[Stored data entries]
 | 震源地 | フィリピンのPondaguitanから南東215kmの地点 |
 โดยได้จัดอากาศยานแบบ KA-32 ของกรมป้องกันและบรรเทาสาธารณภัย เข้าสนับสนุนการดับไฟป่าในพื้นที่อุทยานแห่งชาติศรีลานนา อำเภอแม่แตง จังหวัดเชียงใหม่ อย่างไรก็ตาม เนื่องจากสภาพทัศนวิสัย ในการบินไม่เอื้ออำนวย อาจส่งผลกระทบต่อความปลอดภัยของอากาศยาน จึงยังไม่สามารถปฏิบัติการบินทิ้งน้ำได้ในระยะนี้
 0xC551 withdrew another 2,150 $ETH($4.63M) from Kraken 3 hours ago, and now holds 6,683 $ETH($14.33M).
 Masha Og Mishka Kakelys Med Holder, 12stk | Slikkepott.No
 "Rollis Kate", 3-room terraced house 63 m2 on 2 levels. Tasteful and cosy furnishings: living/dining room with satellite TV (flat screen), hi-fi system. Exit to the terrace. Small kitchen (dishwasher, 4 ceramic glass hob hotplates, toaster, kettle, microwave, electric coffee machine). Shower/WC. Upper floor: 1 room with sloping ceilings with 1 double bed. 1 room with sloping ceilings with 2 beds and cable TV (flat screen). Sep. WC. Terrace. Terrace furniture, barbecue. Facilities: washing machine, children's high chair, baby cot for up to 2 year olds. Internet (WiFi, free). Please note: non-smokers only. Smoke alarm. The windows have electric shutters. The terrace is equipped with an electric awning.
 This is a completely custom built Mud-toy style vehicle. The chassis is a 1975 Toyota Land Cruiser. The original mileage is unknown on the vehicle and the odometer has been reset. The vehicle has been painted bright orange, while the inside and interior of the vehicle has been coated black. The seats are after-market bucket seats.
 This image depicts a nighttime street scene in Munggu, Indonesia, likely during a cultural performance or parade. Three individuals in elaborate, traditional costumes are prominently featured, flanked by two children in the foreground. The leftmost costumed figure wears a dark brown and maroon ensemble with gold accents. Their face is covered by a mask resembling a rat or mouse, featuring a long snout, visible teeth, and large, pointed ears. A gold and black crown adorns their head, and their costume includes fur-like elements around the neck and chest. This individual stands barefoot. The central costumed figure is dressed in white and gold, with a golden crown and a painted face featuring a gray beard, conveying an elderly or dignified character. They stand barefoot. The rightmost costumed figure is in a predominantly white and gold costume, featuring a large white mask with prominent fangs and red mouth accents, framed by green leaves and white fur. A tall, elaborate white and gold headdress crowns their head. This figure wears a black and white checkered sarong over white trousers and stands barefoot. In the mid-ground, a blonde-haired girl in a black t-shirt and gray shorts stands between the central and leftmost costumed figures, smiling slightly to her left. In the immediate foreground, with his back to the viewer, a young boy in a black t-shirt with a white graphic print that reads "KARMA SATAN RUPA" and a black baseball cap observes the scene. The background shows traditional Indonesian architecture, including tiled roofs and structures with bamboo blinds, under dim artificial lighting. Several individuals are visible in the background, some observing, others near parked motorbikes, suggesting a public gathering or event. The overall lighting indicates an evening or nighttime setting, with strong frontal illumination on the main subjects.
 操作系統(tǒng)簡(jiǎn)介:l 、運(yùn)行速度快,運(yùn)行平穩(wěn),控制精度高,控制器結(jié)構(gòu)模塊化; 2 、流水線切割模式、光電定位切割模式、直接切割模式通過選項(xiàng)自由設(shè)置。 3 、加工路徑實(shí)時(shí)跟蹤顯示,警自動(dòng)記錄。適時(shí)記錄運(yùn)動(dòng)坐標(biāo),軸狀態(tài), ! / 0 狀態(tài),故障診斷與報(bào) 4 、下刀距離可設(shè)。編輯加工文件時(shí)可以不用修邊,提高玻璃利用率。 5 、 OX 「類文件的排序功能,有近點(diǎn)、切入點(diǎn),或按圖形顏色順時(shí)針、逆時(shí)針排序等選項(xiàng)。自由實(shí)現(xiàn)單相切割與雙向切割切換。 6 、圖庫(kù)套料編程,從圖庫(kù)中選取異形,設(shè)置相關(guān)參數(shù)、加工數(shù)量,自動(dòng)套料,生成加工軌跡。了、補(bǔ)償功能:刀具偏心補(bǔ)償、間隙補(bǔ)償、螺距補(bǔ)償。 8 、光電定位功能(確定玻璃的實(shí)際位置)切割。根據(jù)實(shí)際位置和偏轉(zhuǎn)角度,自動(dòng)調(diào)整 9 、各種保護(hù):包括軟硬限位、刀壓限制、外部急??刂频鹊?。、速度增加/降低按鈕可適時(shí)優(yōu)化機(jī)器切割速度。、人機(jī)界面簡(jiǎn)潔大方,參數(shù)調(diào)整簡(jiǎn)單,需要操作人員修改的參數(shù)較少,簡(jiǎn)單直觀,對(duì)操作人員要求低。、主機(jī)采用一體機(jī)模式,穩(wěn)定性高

Instructions to follow: Extract exactly the leading lines of the data, stopping at and including the line with "Masha Og Mishka".

Response box:
 | 震源地 | フィリピンのPondaguitanから南東215kmの地点 |
 โดยได้จัดอากาศยานแบบ KA-32 ของกรมป้องกันและบรรเทาสาธารณภัย เข้าสนับสนุนการดับไฟป่าในพื้นที่อุทยานแห่งชาติศรีลานนา อำเภอแม่แตง จังหวัดเชียงใหม่ อย่างไรก็ตาม เนื่องจากสภาพทัศนวิสัย ในการบินไม่เอื้ออำนวย อาจส่งผลกระทบต่อความปลอดภัยของอากาศยาน จึงยังไม่สามารถปฏิบัติการบินทิ้งน้ำได้ในระยะนี้
 0xC551 withdrew another 2,150 $ETH($4.63M) from Kraken 3 hours ago, and now holds 6,683 $ETH($14.33M).
 Masha Og Mishka Kakelys Med Holder, 12stk | Slikkepott.No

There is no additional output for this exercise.